DIRECTIONS TO CUSTODIAN OF PLAINTIFF
As previously ordered, the Warden of the institution wherein Plaintiff is incarcerated, or the Sheriff of any county where he is held in custody, and any successor custodians, shall each month cause to be remitted to the Clerk of this court twenty percent (20%) of the preceding month's income credited to Plaintiff's account at said institution until the $350.00 filing fee has been paid in full. In accordance with provisions of the Prison Litigation Reform Act, Plaintiff's custodian is authorized to forward payments from the prisoner's account to the Clerk of Court each month until the filing fee is paid in full, provided the amount in the account exceeds $10.00.
Collection of monthly payments from Plaintiff's trust fund account shall continue until the entire $350.00 has been collected, notwithstanding the dismissal of Plaintiff's lawsuit or the granting of judgment against him prior to the collection of the full filing fee.

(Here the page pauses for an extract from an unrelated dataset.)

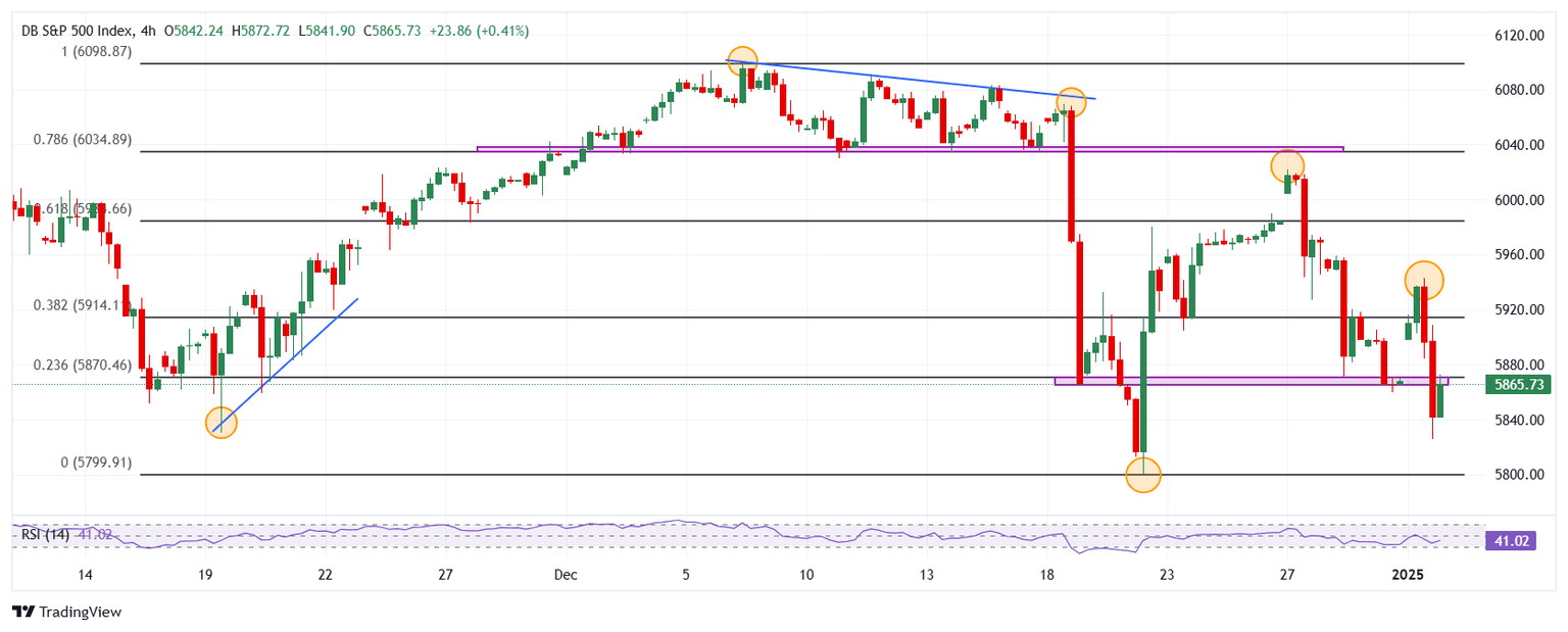 El S&P 500 reaccionó a la baja desde un máximo diario en 5.942, donde atrajo vendedores que lastraron el índice a un mínimo de dos semanas en 5.825. Actualmente, el S&P 500 opera en 5.865, cayendo un 0.56% en la primera jornada bursátil del año.

PLAINTIFF'S OBLIGATION TO PAY FILING FEE
Pursuant to provisions of the Prison Litigation Reform Act, in the event Plaintiff is hereafter released from the custody of the State of Georgia or any county thereof, he shall remain obligated to pay any balance due on the filing fee in this proceeding until said amount has been paid in full; Plaintiff shall continue to remit monthly payments as required by the Prison Litigation Reform Act. Collection from Plaintiff of any balance due on the filing fee by any means permitted by law is hereby authorized in the event Plaintiff is released from custody and fails to remit payments. Plaintiff's Complaint is subject to dismissal if he has the ability to make monthly payments and fails to do so.
SO ORDERED and RECOMMENDED, this 22nd day of February, 2016.